- _EXERCISE REQUIREMENTS_
Copy the first line of the entries below and every line after it through the line containing "Ankara Caddesi 4.". Do not include pictures.

Stored items from a collection:
━━━

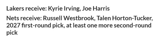 具体方案是:湖人送出威少、霍顿-塔克、2027年首轮和至少1个次轮签,得到篮网的欧文和乔-哈里斯。
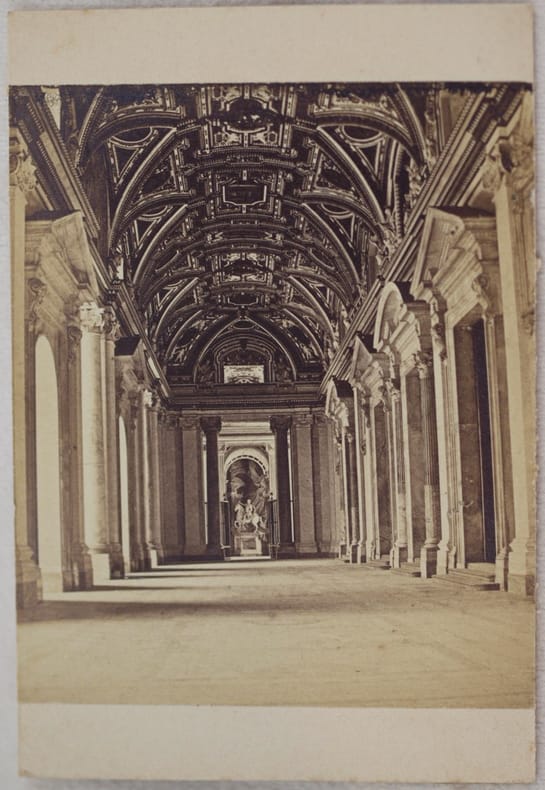 Foto originale all'albumina del 1870 circa che mostra l'atrio della Basilica di San Pietro a Roma. La fotografia è applicata su cartoncino originale non marchiato Dimensioni cartoncino: mm 98x66. Dimensioni foto: mm 79x66. In ottime condizioni.Original albumine photo of 1870 circa showing the interior of Basilica di San Pietro in Rome. The photo has been applied in an original not marked carton paper. Size of page: mm 98x66. Size of the photo: mm 79x66. In very good conditions.
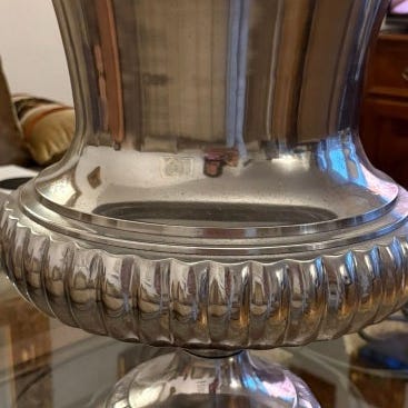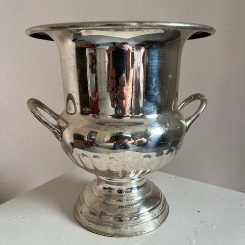 Krukken er laget i metall med dekorert kant og fot, og kan brukes som urne, plantepotte eller til annen innendørs dekorasjon. Denne er stor 🌺nypris kr 2990
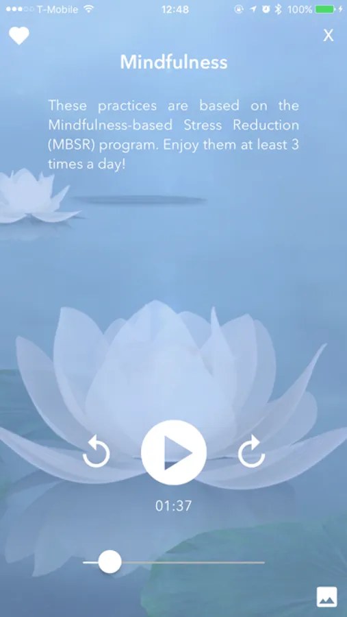 The calming practices of the app feature an introduction to mindfulness and short exercises that can be followed daily. Each practice provides voice instructions with soothing background video and music. The mindfulness exercises were developed by Renée Burgard, LCSW, Mindfulness & Health.
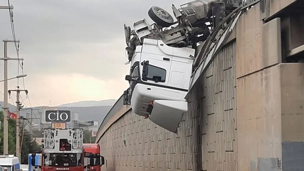 Ankara Caddesi 4. Sanayi Sitesi girişindeki yolda kontrolden çıkan tır, yaklaşık 12 metrelik viyadükte asılı kaldı.
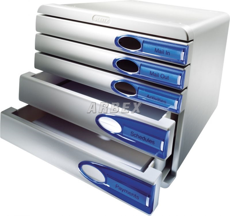 Vyrobený z kvalitního plastu. Možnost stohování (až 3 boxy na sebe) nebo jeho pověšení na stěnu. Zásuvky jsou uzavřené. Součástí balení jsou gumové podložky pro lepší stabilitu a ochranu nábytku a popisovatelné papírové štítky. Přímá náhrada za zásuvkový box Esselte Intrica. Pro ukládání dokumentů do formátu A4+. Jednoduchý posun zásuvek se zarážkami, proti jejich úplnému vysunutí. Na každé zásuvce výřez pro snadné vysunutí zásuvky. Rozměry: 275 x 245 x 345 mm. 2 zásuvky výšky 48 mm 3 zásuvky výšky 32 mm
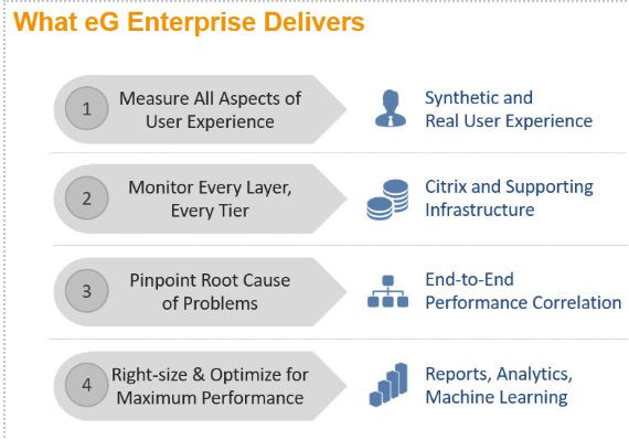 User Experience and Synthetic Monitoring: A key advantage of eG Enterprise is its focus on the Digital Employee Experience (DEX):
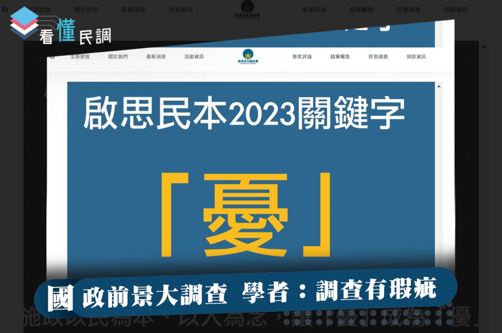 民調摘要:啟思民本基金會在2022年10月31日發布2023國政前景大調查,該民調由啟思民本基金會於10月25日至10月27日,以臉書廣告發放問卷方式針對20歲以上之網路人口,嚴守配額原則,配額標準為性別、年齡、地區,有效樣本為1070份,抽樣誤差在95%信心水準下為正負3.0%內。採用比例估計法,母群體參數依內政部2022年6月之人口數據,針對本次調查蒐集資料,以反覆加權法(Raking)進行逐項重複連續性修正,使樣本的性別、年齡、地區特徵符合全國母體結構。此民調為國內首次由民眾針對明年國政前景進行評估,包含治理、兩岸、外交、經濟、民主、民生等方向,以0至10分來檢測民眾的悲/樂觀程度。整體總平均僅3.74,顯示臺灣民眾對於臺灣2023年的國政前景發展是「前景堪『憂』」,瀰漫著一股不安與失望的氣氛,值得執政的民進黨以及各個在野黨警惕。
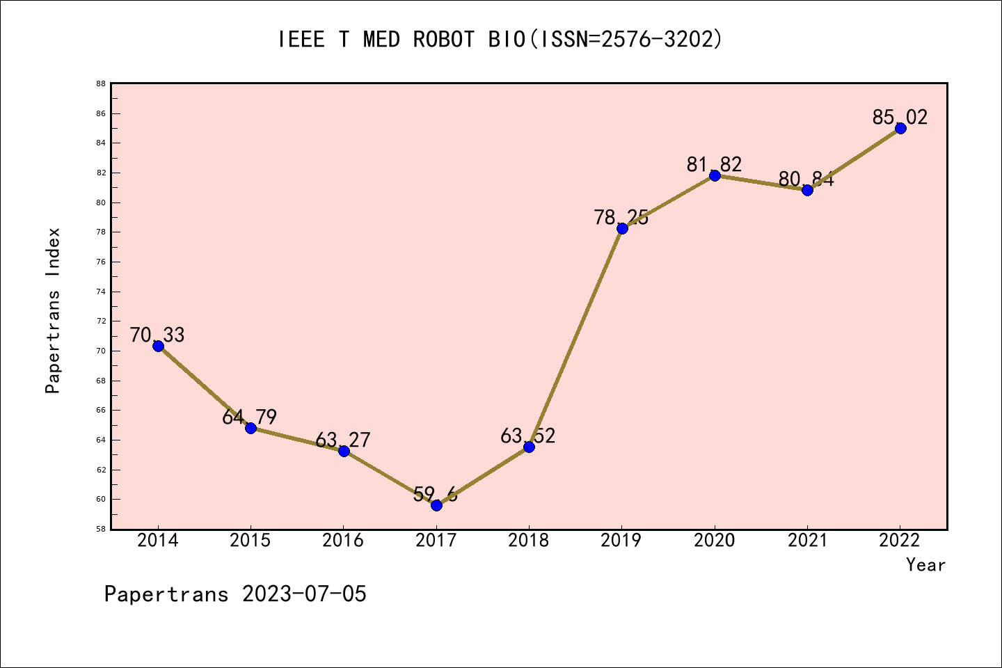 ESCI期刊IEEE Transactions on Medical Robotics and Bionics历年派博系数(Pindex)
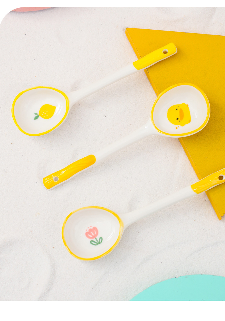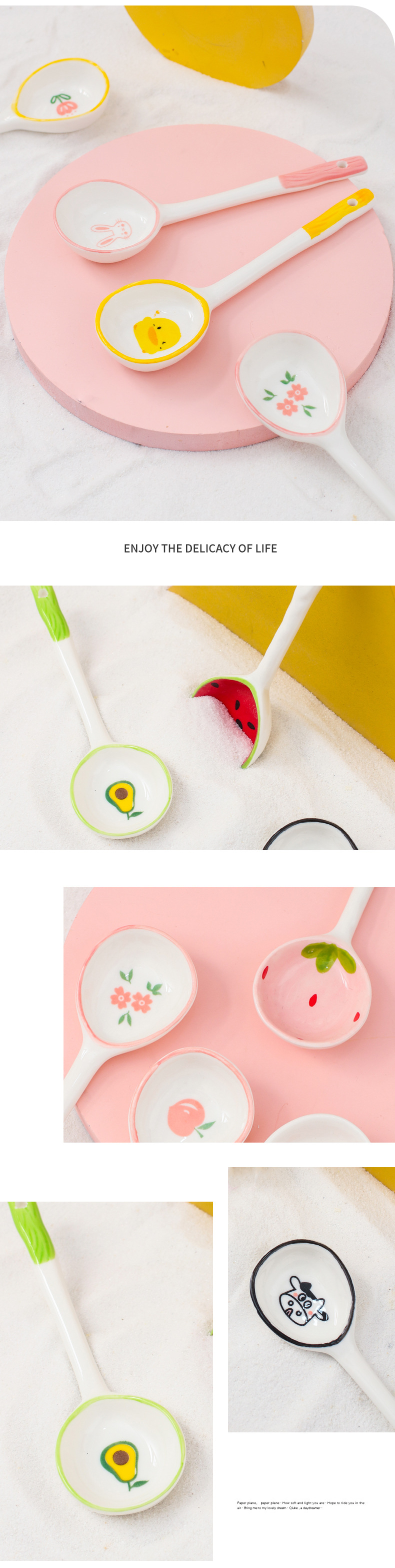 만화 과일 세라믹 스푼 가정용 손으로 그린 조미료 스푼 긴 손잡이 고가 어린이 스프 스푼 귀여운 음식 도매

━━━

- _TASK ANSWER_
 具体方案是:湖人送出威少、霍顿-塔克、2027年首轮和至少1个次轮签,得到篮网的欧文和乔-哈里斯。
 Foto originale all'albumina del 1870 circa che mostra l'atrio della Basilica di San Pietro a Roma. La fotografia è applicata su cartoncino originale non marchiato Dimensioni cartoncino: mm 98x66. Dimensioni foto: mm 79x66. In ottime condizioni.Original albumine photo of 1870 circa showing the interior of Basilica di San Pietro in Rome. The photo has been applied in an original not marked carton paper. Size of page: mm 98x66. Size of the photo: mm 79x66. In very good conditions.
 Krukken er laget i metall med dekorert kant og fot, og kan brukes som urne, plantepotte eller til annen innendørs dekorasjon. Denne er stor 🌺nypris kr 2990
 The calming practices of the app feature an introduction to mindfulness and short exercises that can be followed daily. Each practice provides voice instructions with soothing background video and music. The mindfulness exercises were developed by Renée Burgard, LCSW, Mindfulness & Health.
 Ankara Caddesi 4. Sanayi Sitesi girişindeki yolda kontrolden çıkan tır, yaklaşık 12 metrelik viyadükte asılı kaldı.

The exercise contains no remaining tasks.